> [SOURCE INFORMATION]
..............................

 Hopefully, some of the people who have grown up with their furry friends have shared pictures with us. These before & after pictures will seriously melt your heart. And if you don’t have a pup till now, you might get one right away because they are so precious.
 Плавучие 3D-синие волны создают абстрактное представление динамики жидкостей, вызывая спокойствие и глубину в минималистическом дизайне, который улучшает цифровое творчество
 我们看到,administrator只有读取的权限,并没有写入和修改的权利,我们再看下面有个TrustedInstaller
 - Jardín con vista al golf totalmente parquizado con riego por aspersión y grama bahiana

..............................

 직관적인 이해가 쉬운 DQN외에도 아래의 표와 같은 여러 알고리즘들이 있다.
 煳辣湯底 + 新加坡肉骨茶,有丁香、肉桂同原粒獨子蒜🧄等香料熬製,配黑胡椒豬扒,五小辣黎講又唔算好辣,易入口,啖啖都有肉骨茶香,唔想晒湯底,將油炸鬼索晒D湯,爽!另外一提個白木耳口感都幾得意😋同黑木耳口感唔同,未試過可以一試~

..............................

> [WHAT NEEDS TO BE DONE]
In the data above, find the line with "Hopefully, some of" and the line with "- Jardín con". Retype both, plus every line between them, exactly.

> [TASK RESULT]
 Hopefully, some of the people who have grown up with their furry friends have shared pictures with us. These before & after pictures will seriously melt your heart. And if you don’t have a pup till now, you might get one right away because they are so precious.
 Плавучие 3D-синие волны создают абстрактное представление динамики жидкостей, вызывая спокойствие и глубину в минималистическом дизайне, который улучшает цифровое творчество
 我们看到,administrator只有读取的权限,并没有写入和修改的权利,我们再看下面有个TrustedInstaller
 - Jardín con vista al golf totalmente parquizado con riego por aspersión y grama bahiana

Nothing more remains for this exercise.